Der Mann legte erfolgreich Einspruch dagegen ein.
Im März 2023 teilte der Zürcher Andreas Sengl ein Bild eines Umspannwerks auf Facebook, zu dem stand: «Kletterspass für Flüchtlinge und Grüne. Viel Spass und bitte nicht drängeln, es kommen alle dran.» Laut dem deutschen Bundeskriminalamt beging Sengl mit dem Teilen des Bildes eine Straftat. Sie wirft ihm wegen des «Hasspostings auf Facebook» Volksverhetzung vor. Eine Strafe, die in Deutschland mit einer Freiheitsstrafe bis drei Jahren oder mit einer Geldstrafe bestraft wird.
Nachdem das Bundeskriminalamt die Schweizer Behörden auf den Post aufmerksam gemacht hatte, reagierte die Kantonspolizei Zürich. Sie warf Sengl vor, öffentlich «zu Vergehen mit Gewalttätigkeit oder zu Verbrechen» aufzufordern. Drei Polizisten führten im September 2023 eine Hausdurchsuchung beim IV-Rentner durch. Im Oktober wurde er per Strafbefehl zu einer bedingten Geldstrafe und einer Busse von 300 Franken verurteilt. Zudem wurden ihm Verfahrenskosten von 800 Franken auferlegt.
Bist du noch auf Facebook?
«Verschwendung von Steuergeldern»
Die Staatsanwaltschaft schreibt im Strafbefehl, der 20 Minuten vorliegt, dass Sengl in Kauf nahm, dass die Aussagen zum Bild darauf ausgerichtet waren, Gewalttaten an den genannten Gruppierungen zu verüben. Sengl legte allerdings erfolgreich Einspruch ein: In der Anhörung mit dem Staatsanwalt konnte er diesen überzeugen, dass es sich um ein blosses Jux-Bildli handelt und er kein Interesse daran hatte, zu Gewalt aufzurufen. Das Verfahren wurde anschliessend eingestellt.

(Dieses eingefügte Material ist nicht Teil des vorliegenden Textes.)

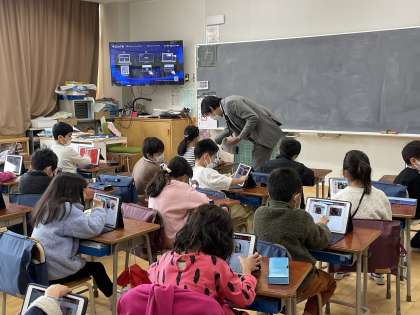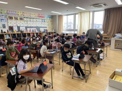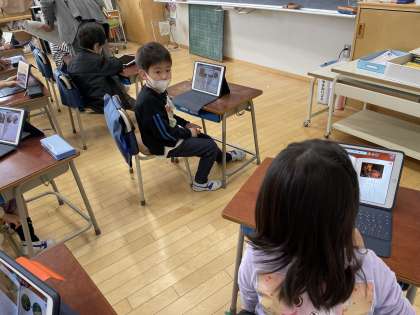 「どうぶつの赤ちゃん」の調べ学習をするために、先生からロイロノートに資料が送られました。自分が調べたい資料が送られてくるので、自分の番がくるまで待たなくてはなりません。先生の話をよく聞いて、とても静かに待つことができていました。とても立派な態度でした。
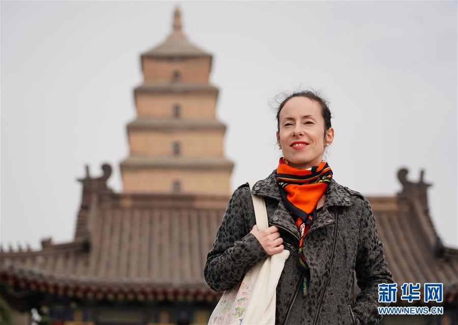 Berenice Zandonai in the Big Wild Goose Pagoda (Dayan Pagoda), an ancient building and a holy place for Buddhists in Xi’an. (Photo/Xinhua)
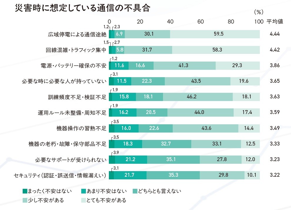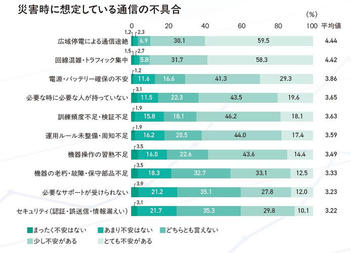 このほか、災害時に想定しているさまざまな通信の不具合についても、1「まったく不安はない」〜 5「とても不安がある」の5 段階で聞いたところ、「広域停電による通信途絶」(平均点4.44)と「回線混雑・トラフィック集中」(4.42)は突出して高い数値となった。過去の災害で繰り返し指摘されてきたことから、企業の担当者の間で強くイメージが定着しているものと推測できる。
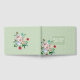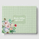 Pretty wedding guest book done in a light sage green with small white polka dots and a lovely painted bouquet of flowers, on the front and back. Personalise the custom text fields for your wedding day. Matching products are available.
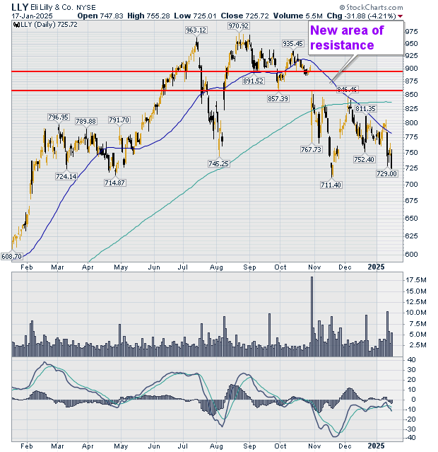 | But $970 proved to be LLY's high and shares began to retreat after the August 22, 2024 highs. The August 22 high was the second peak of a double top price pattern. The first top had been completed in July of that year. |
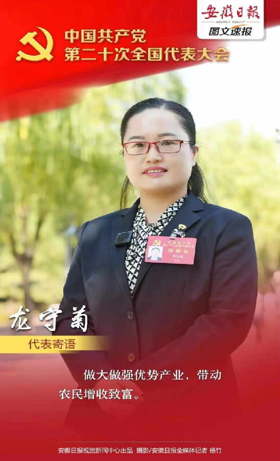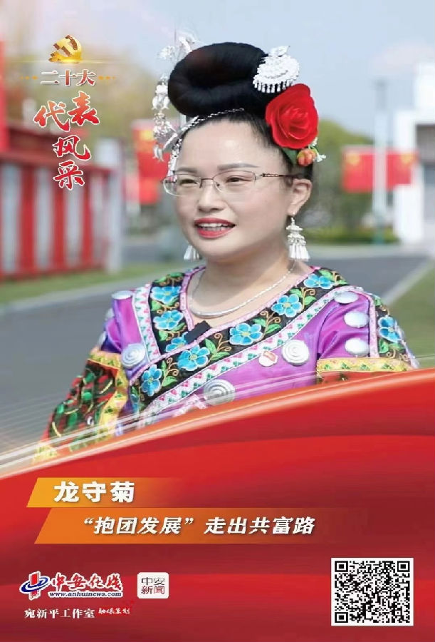 人物簡介:龍守菊,侗族,中共黨員,黃山開放大學2019年秋季“一村一名大學生”農業經濟管理專業學員,安徽省黃山市黃山區烏石鎮烏石村黨總支委員、村委委員,黃山徽黔種養專業合作社理事長,曾獲全國民族團結進步模范個人,安徽省“三八”紅旗手,安徽省“最美巾幗脫貧攻堅人”,黨的二十大代表。
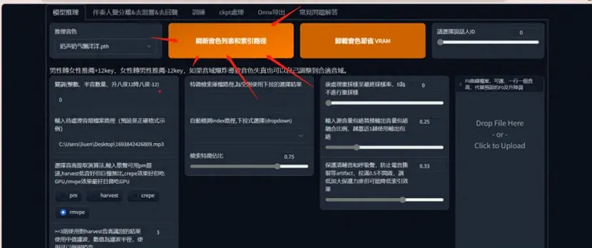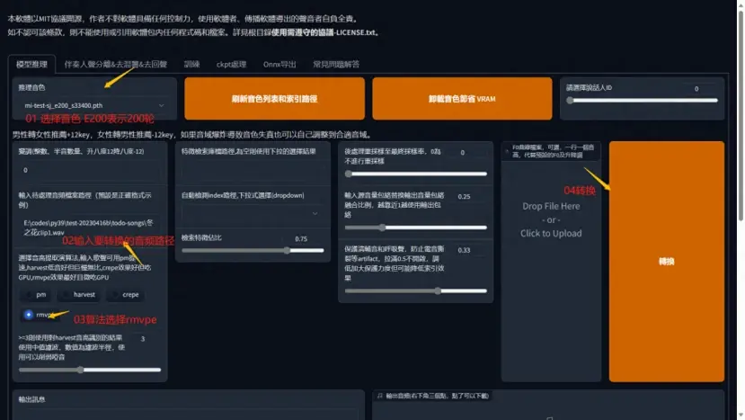 - 使用最先进的人声音高提取算法InterSpeech2023-RMVPE根绝哑音问题。效果最好(显著地)但比crepe_full更快、资源占用更小
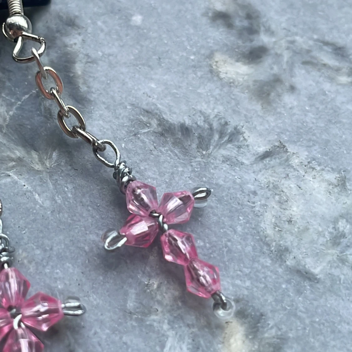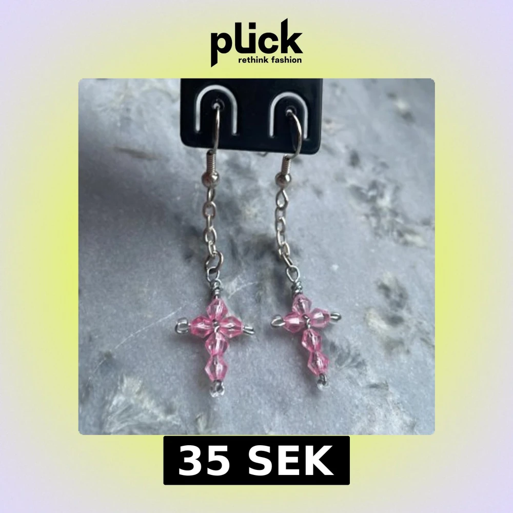 Handgjorda örhängen med rosa kors💕
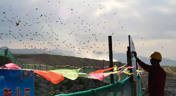 2018年6月25日,為了給粉紅椋鳥營造更加安全的繁殖環(huán)境,中油(新疆)石油工程有限公司圍繞粉紅椋鳥繁殖區(qū)域安裝了約400米保護(hù)圍網(wǎng),并在遠(yuǎn)離繁殖區(qū)設(shè)立了野生動物警示牌和禁鳴喇叭標(biāo)識。這項(xiàng)總投資4.8億元的道路工程,第三次為粉紅椋鳥停工。人與自然和諧共處,堅持可持續(xù)發(fā)展,是央企義不容辭的社會責(zé)任。
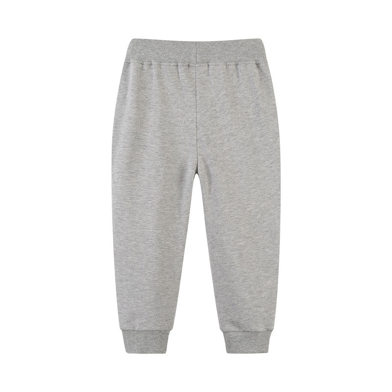 Girls Plain Colour Drawstring Cotton Sweatpants - Grey
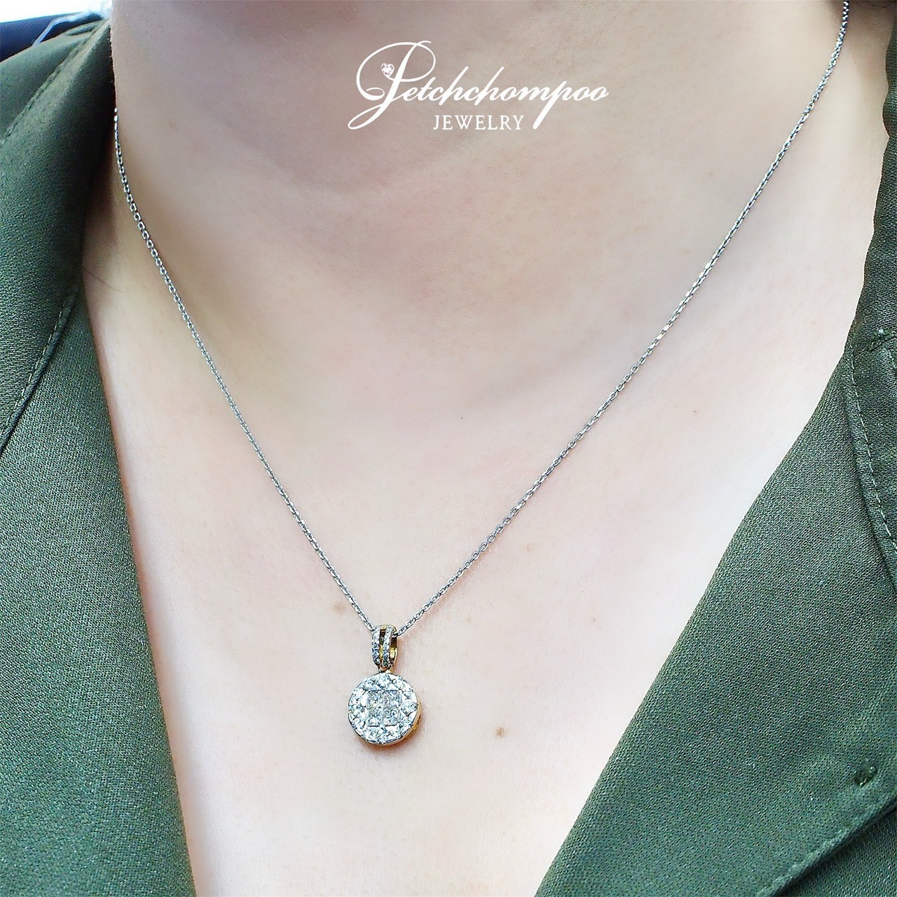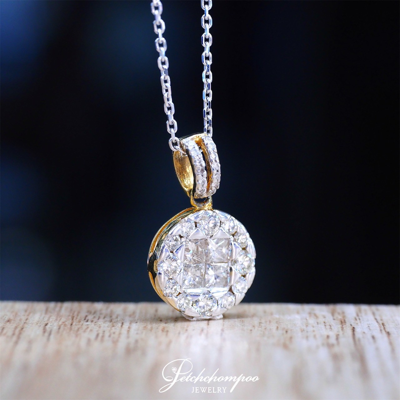 จี้เพชรรัศมี Radiant Halo Spark™ 0.90 กะรัต ประกายล้อม,ดีไซน์จี้ทรงกลมสุดหรูที่รังสรรค์จากเพชรหลายเม็ดประกอบกันอย่างประณีต เกิดเป็นประกายสว่างเจิดจรัสในทุกมุมมอง ตัวเรือนทองคำขาวโทนหรูสะอาดตา เพิ่มมิติด้วยวงแหวนล้อมเพชรสองชั้น ทำให้ชิ้นงานดูโดดเด่น
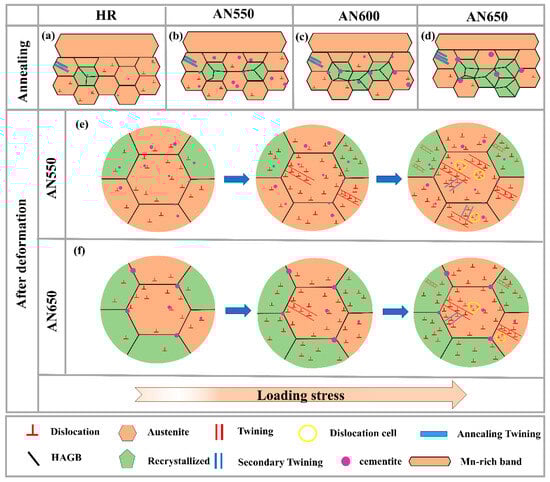 Microstructural evolution diagrams of different samples after annealing (a–d), and after deformation for AN550 and AN650 samples (e,f). (a) HR; (b,e) AN550; (c) AN600; (d,f) AN650.
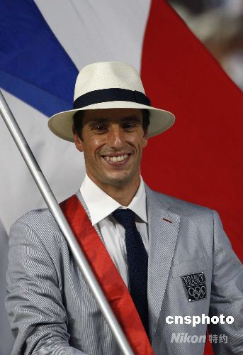 圖為法國奧運代表團的旗手、兩屆奧運皮劃艇激流回旋項目的金牌得主托尼·埃斯蓋當。中新社發(fā) 杜洋 攝
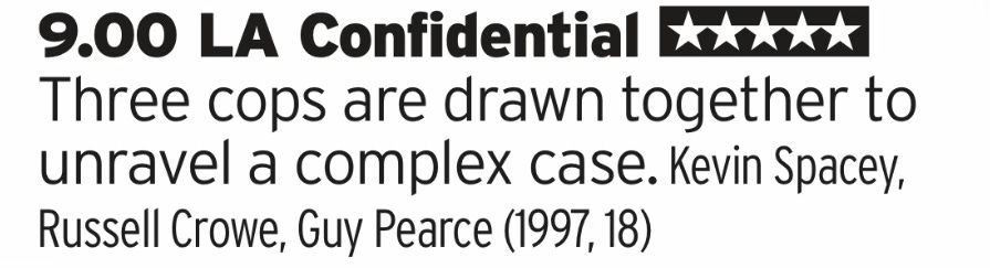 A banger of a film, slightly marred these days thanks to the presence of Kevin Spacey in the cast list. Putting that to one side, this is a great crime film, still the best adaptation of a James Ellroy novel and one of the best films of the 90s. It really is that good!
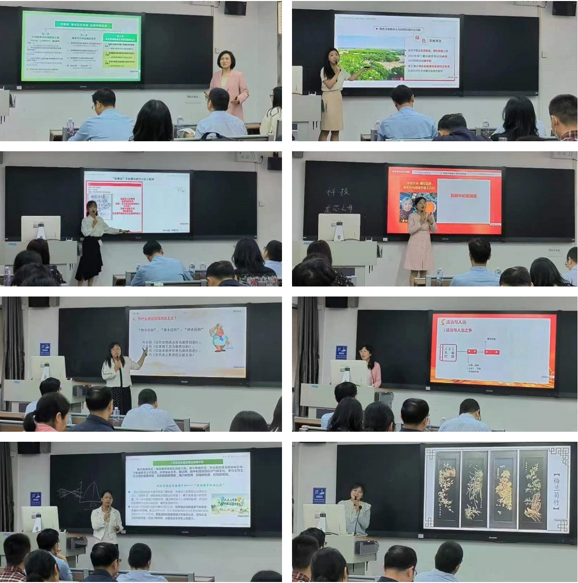 八位参赛选手从《习近平新时代中国特色社会主义思想概论》、《思想道德与法治》、《毛泽东思想和中国特色社会主义理论体系概论》三门课程中选取教学内容进行15分钟现场教学展示。比赛中,选手们结合所选课程特点,充分挖掘教材内涵,精心组织和设计教学内容,注重引导学生深入思考,将理论知识与现实案例相结合,将教学内容与广东时事相融合,既注重理论阐述,又兼顾互动环节,呈现出有创意、有思考、有深度的课堂,充分展示了马院思政课教师饱满的精神状态和扎实的教学功底。
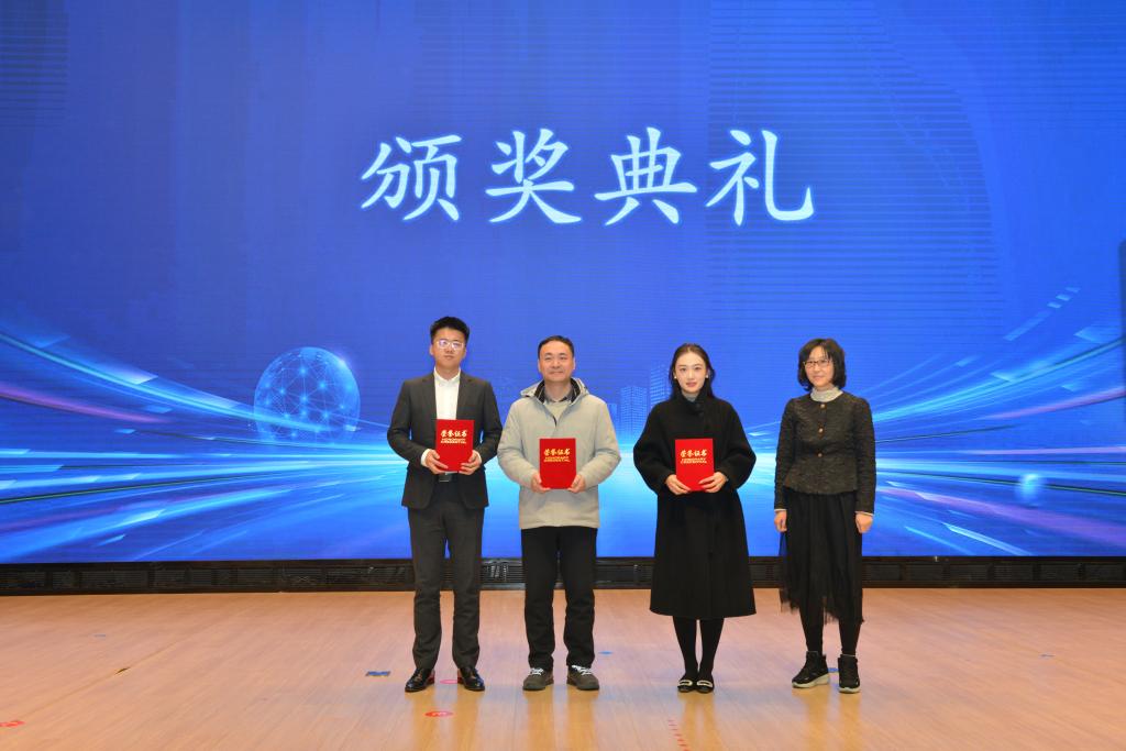 颁发一等奖证书(左三为上能电气队队长陈柏含)

Gegenüber 20 Minuten sagt Sengl: «Was mich ärgert, ist der Aufwand. Morgens um sieben Uhr stehen drei Polizisten in Vollmontur vor meiner Wohnung und führen eine Hausdurchsuchung durch. Ausserdem nehmen sie mir den Computer, das Tablet meiner Tochter und das Handy weg. Eine Verschwendung von Steuergeldern.»
Geschmackloses Bild – aber nicht strafwürdig
Ex-SVP-Kantonsrat Claudio Schmid beriet Sengl bei seinem Einspruch. Wie die Zürcher Justiz reagiert habe, ärgere ihn, sagt Schmid. «Dass die Behörden wegen eines solchen Facebook-Beitrags gleich die Kavallerie schicken und eine Hausdurchsuchung anordnen, ist doch absurd.» Das Bild sei vielleicht geschmacklos gewesen, aber nicht strafwürdig. «Dass wir die Leute wegen so etwas einschüchtern, ist ein Skandal.»
Er habe gedacht, dass die Justizbehörden überlastet seien und mit den Fällen kaum mehr nachkämen, sagt Schmid. «Dieser Fall zeigt exemplarisch, dass dem wohl nicht so ist.» Wohl habe man sich aufgrund der Meldung aus Deutschland derart ins Zeug gelegt.
Das sagt die Staatsanwaltschaft
Die Staatsanwaltschaft sei hier gesetzlich verpflichtet gewesen, die Vorwürfe zu untersuchen, weil es sich um ein Offizialdelikt handelt, sagt Erich Wenzinger, Sprecher der Zürcher Oberstaatsanwaltschaft. Der Ursprung entsprechender Strafanzeigen spiele hierbei keine Rolle.
«Dass das Verfahren bei zunächst erlassenem Strafbefehl nach der Einsprache des Beschuldigten und durchgeführter staatsanwaltschaftlicher Einvernahme zu neuen Erkenntnissen führte und in der Folge eingestellt worden ist, ändert nichts an der gesetzlichen Verpflichtung, eine allfällige Strafbarkeit amtlich abzuklären», sagt Wenzinger. «Verfahrensgang und Resultat zeugen vielmehr von einem funktionierenden Rechtssystem.»